I ssh’ed onto it and typed pacman -Syu. According to recent Grub breaking changes, I need to run grub-install ... and grub-mkconfig again. That’s not a big problem, and I had been doing this for many other machines, so let’s go.

I double checked that the machine is using BIOS rather than UEFI boot.

… and let’s … go?

grub-install? #

% grub-install --target=i386-pc /dev/sda
Installing for i386-pc platform.
grub-install: warning: File system `ext2' doesn't support embedding.
grub-install: warning: Embedding is not possible.  GRUB can only be installed in this setup by using blocklists.  However, blocklists are UNRELIABLE and their use is discouraged..
grub-install: error: will not proceed with blocklists.

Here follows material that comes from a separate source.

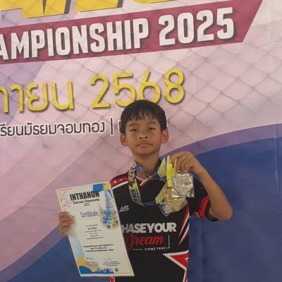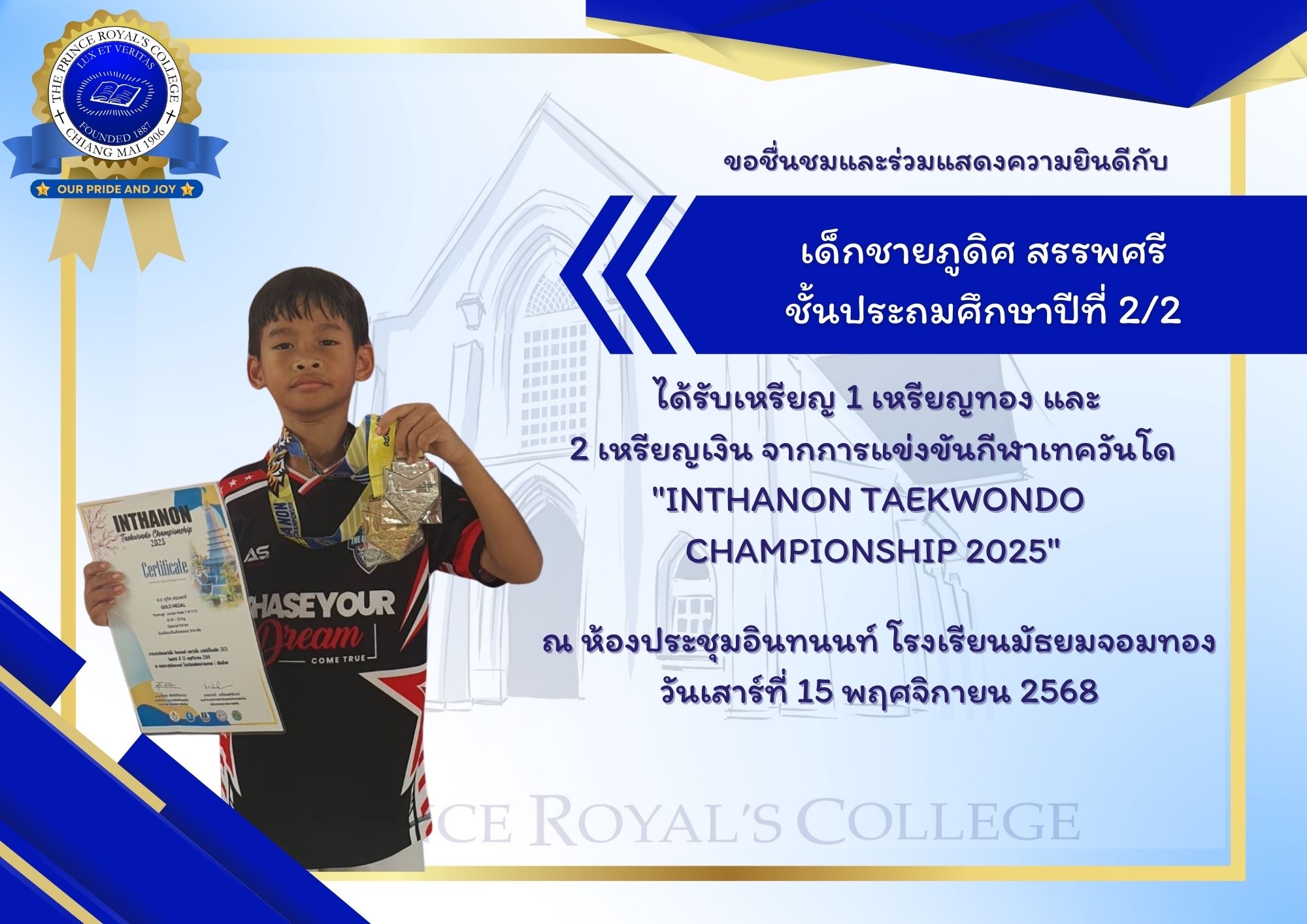 เด็กชายภูดิศ สรรพศรี ชั้นประถมศึกษาปีที่ 2/2 ได้รับเหรียญ 1 เหรียญทอง และ 2 เหรียญเงิน จากการแข่งขันกีฬาเทควันโด “INTHANON TAEKWONDO  CHAMPIONSHIP 2025”

What? I had never seen this before. Had it just destroyed my boot disk? Was I installing it on the right disk?

I also confirmed that it is booting using Grub (I was thinking whether it is possible for Linode to boot the kernel directly): Yes, since Grub appends BOOT_IMAGE= cmdline option, according to MkfsSion@archlinuxcn_group.

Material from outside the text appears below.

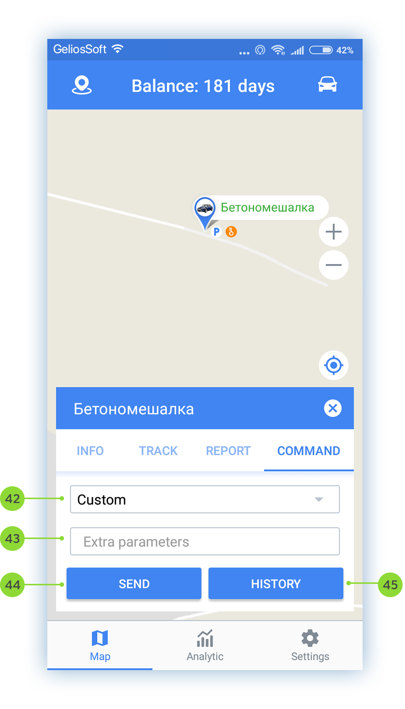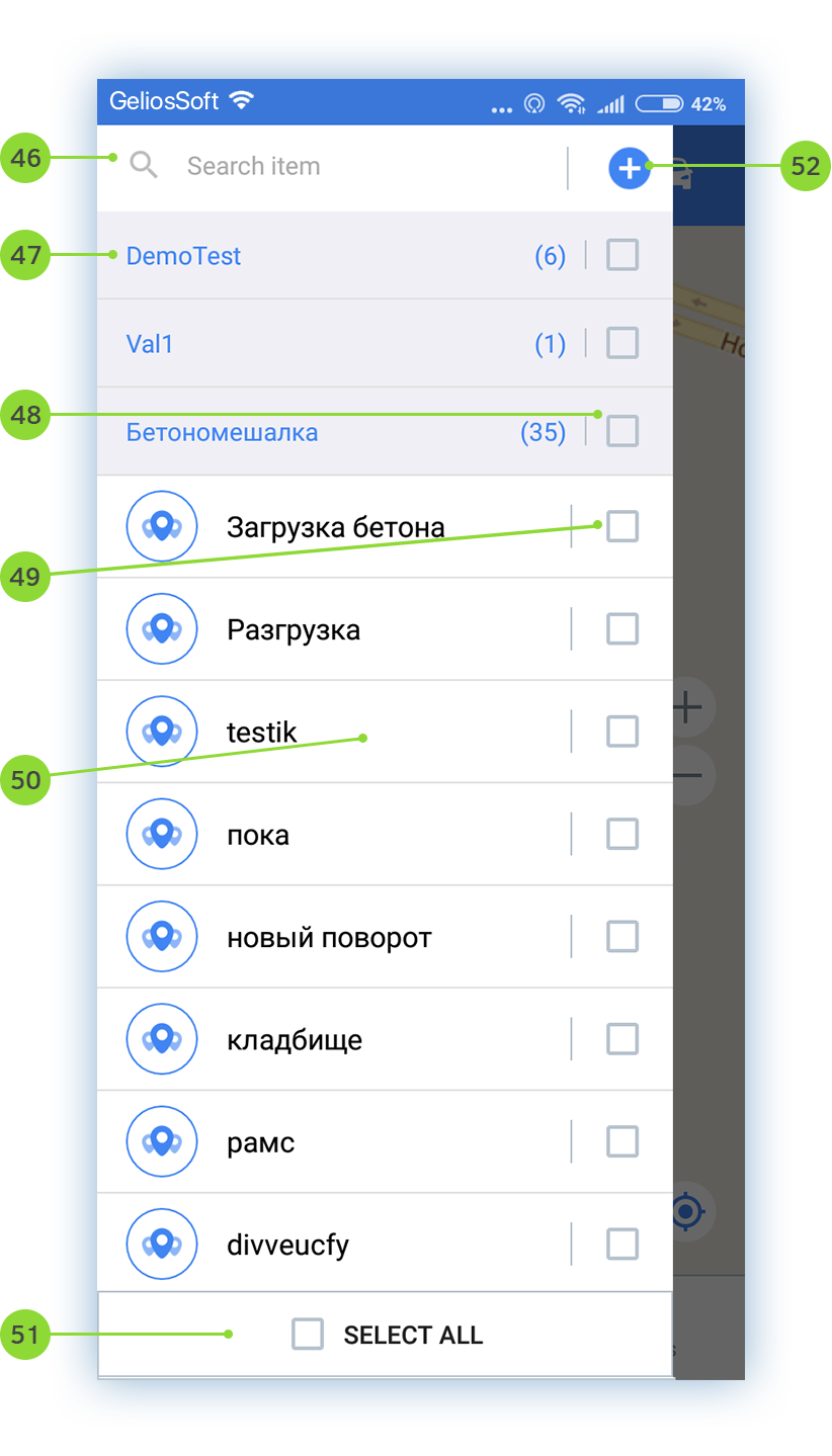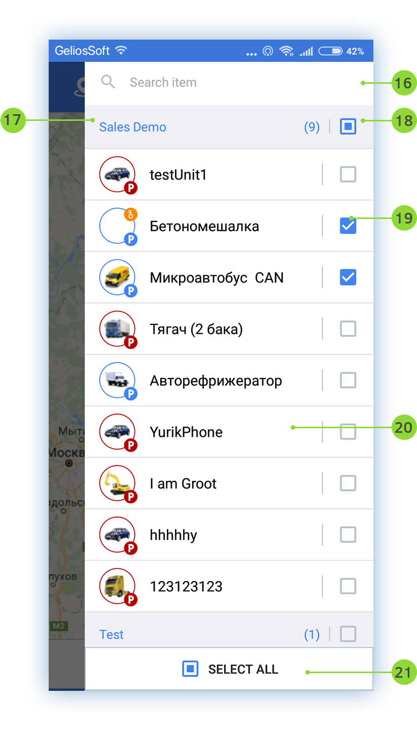 The Map screen is multifunctional. Here you can work with units, as well as with geofences.

I thought I needed to double check my disks.

Disks … partitions? Where are you? #

I was going to check if my partitions were still here:

% fdisk -l /dev/sda
Disk /dev/sda: 24.5 GiB, 26306674688 bytes, 51380224 sectors
Disk model: QEMU HARDDISK   
Units: sectors of 1 * 512 = 512 bytes
Sector size (logical/physical): 512 bytes / 512 bytes
I/O size (minimum/optimal): 512 bytes / 512 bytes
Disklabel type: dos
Disk identifier: 0x00000000

What? Shouldn’t there be partitions?

I also noticed that there is a disk called sdb. Nothing on this disk is mounted, but again let’s check it.

% fdisk -l /dev/sdb
Disk /dev/sdb: 512 MiB, 536870912 bytes, 1048576 sectors
Disk model: QEMU HARDDISK   
Units: sectors of 1 * 512 = 512 bytes
Sector size (logical/physical): 512 bytes / 512 bytes
I/O size (minimum/optimal): 512 bytes / 512 bytes

Still nothing, not even Disklabel type: dos, and there aren’t other disks. How did it mount the root?

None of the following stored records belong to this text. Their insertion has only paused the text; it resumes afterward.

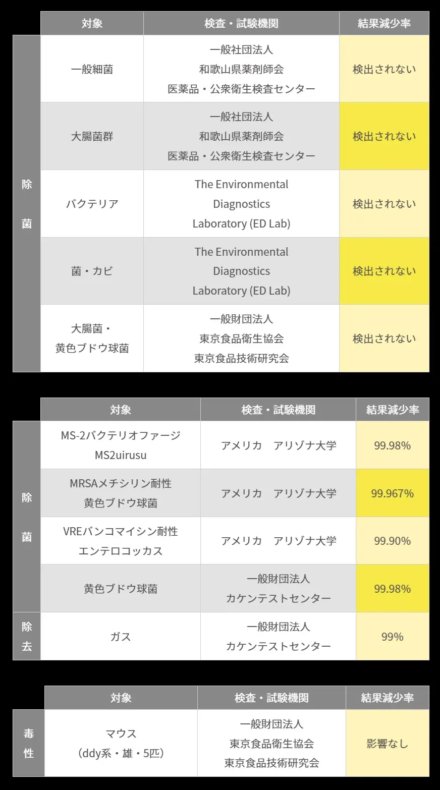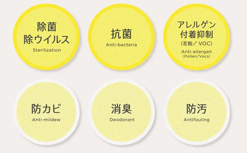 消臭・抗菌・抗ウイルス・抗カビ・揮発性有機化合物除去・紫外線防御。 抗菌効果試験で絶大な効果が認められました。
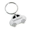 4,3 x 0,4 x 3 cm. Metal. Llavero plano en forma de auto. Presentación en caja de regalo.
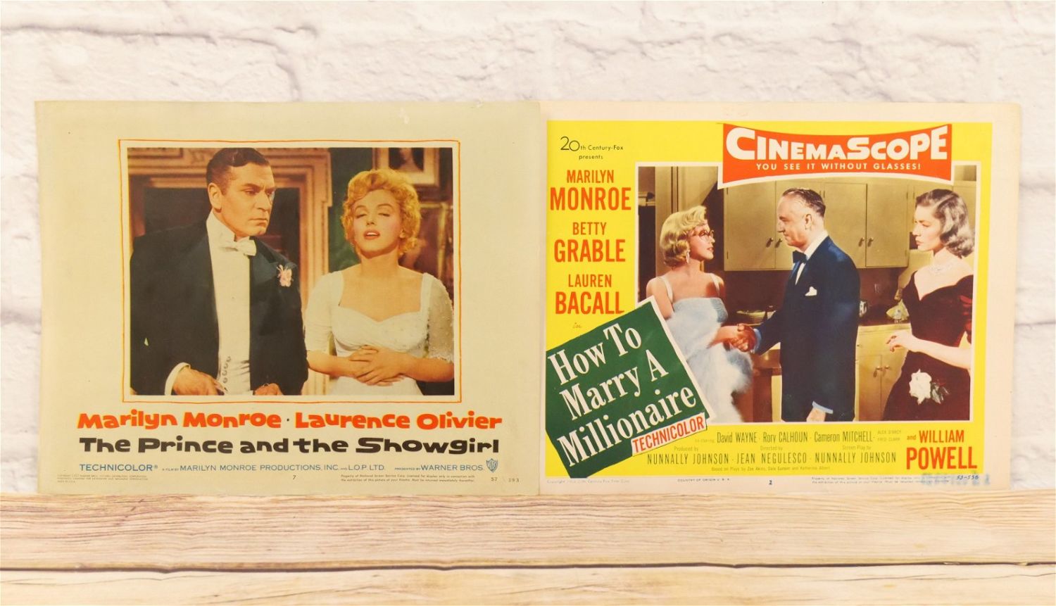 Lot of 2 Marilyn Monroe Lobby Cards. Including How to Marry a Millionaire and The Prince and the Showgirl. Nice condition for age. All invoices must be paid within 24 hours of the sale. We offer multiple shipping options please read the shipping terms for your options. We also offer Pick-Ups Thursday, Friday, Saturday, and Monday immediately following the sale. BY APPOINTMENT ONLY.

I was sure I am mounted. #

% mount | grep sda
/dev/sda on / type ext4 (rw,relatime,errors=remount-ro)

% cat /etc/fstab 
/dev/sda                /               ext4            rw,relatime,errors=remount-ro,data=ordered      0 1

This did not seem right. Not a single person or manual told me that I should mount the whole hard disk as root (except when I have a separate boot device, which is what I am doing on my workstation), especially on a VPS where there is actually a single boot device.

However, the system is working. Although it has been running for 168 days, I am sure that I did not alter anything related to partitions or bootloaders since it booted.

Where did I get there? What the hell is going on?

Dumping the disk #

The safest option was to have a dump of the first several KiB of the disks locally for investigation.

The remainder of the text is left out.